A Mycenaean chamber tomb is the type of chamber tomb that was built in Mycenaean Greece. Mycenaean chamber tombs originated in Messenia at the end of the Middle Helladic period (c. 1600 BCE), and were built and used throughout the Late Bronze Age across the Aegean area.

Mycenaean chamber tombs were cut into the bedrock (as opposed to the contemporary tholos tombs, which are constructed from masonry), usually on sloping terrain, and formed of a chamber (thalamos), joined to a rectangular passageway (dromos) by a threshold (stomion). The size, elaboration and monumentality of Mycenaean chamber tombs varies considerably, as do the grave goods found within them, suggesting that they were used for the burials of people across a wide range of social strata.

After the end of the Bronze Age, chamber tombs ceased to be constructed in most parts of the Greek world, though some continued in use for votive offerings and hero cult during the Early Iron Age.

==Chronological development==

The major periods of the Helladic chronology used in this article
| Period | Approximate Date |
|---|---|
| Middle Helladic III | c. 1700 – c. 1600 BCE |
| Late Helladic I | c. 1600 – c. 1450 BCE |
| Late Helladic II | c. 1450 – c. 1400 BCE |
| Late Helladic IIIA | c. 1400 – c. 1300 BCE |
| Late Helladic IIIB | c. 1300 – c. 1180 BCE |
| Late Helladic IIIC | c. 1180 – c. 1050 BCE |

The earliest chamber tombs are found at the end of the Middle Helladic III period (c. 1600 BCE) in Messenia, followed closely by LH I examples throughout central and southern Greece, particularly in the Argolid. They remain relatively uncommon, except at Mycenae, until Late Helladic III, when they were constructed widely across the Aegean region associated with Mycenaean culture.

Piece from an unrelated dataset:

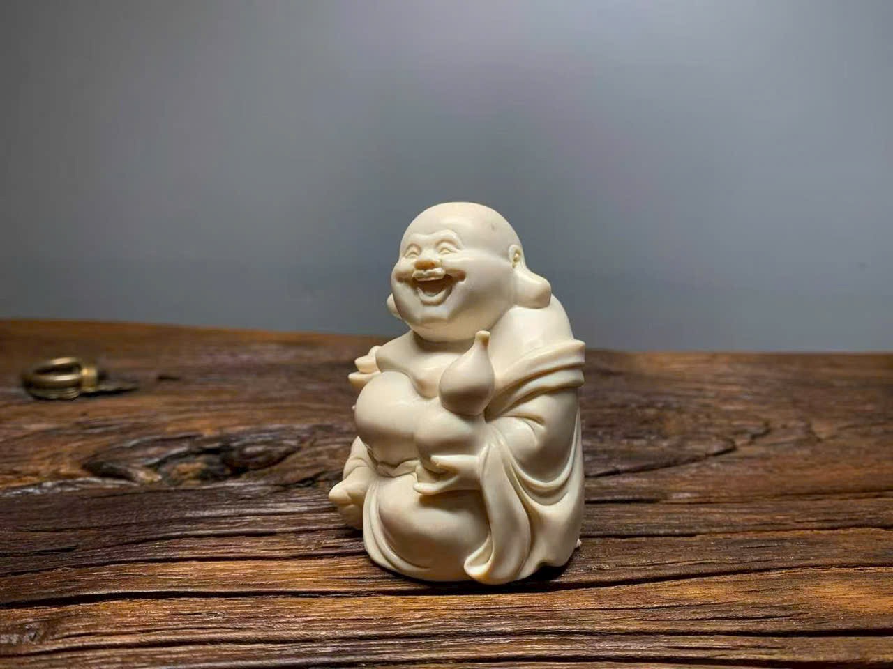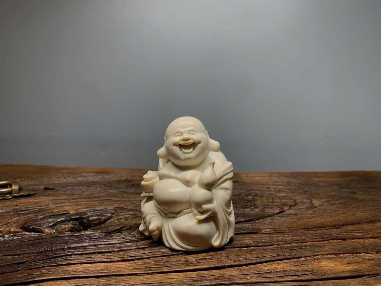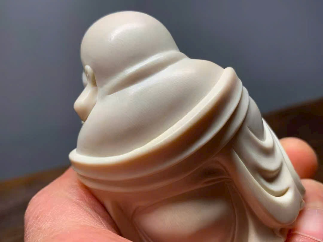 Tác phẩm khắc họa hình tượng Phật Di Lặc với nụ cười hoan hỷ, biểu trưng cho niềm vui, phúc lộc và an khang.

Chamber tombs continued to be constructed throughout the Mycenaean period, though regional differences are observed as to their popularity and likely social function. At Mycenae, they appear to have displaced all other forms of elite burial, except tholoi, and have been closely linked with the development and consolidation of the palatial state in LH III. Around three hundred chamber tombs are known from the area of Mycenae. It has been suggested that the chamber tombs at Mycenae represent lower-ranked members of the palatial elite, while tholoi were reserved for the most elite, perhaps the wanax and other high-ranking figures known from Linear B. In Boeotia, however, only one tholos tomb is known (the so-called Treasury of Minyas at Orchomenos, dating to c. 1350 BCE), while chamber tombs seem to have been the predominant form of burial for all elite groups, including the monumental chamber tomb at Megalo Kastelli, which has been linked with the rulers of Thebes.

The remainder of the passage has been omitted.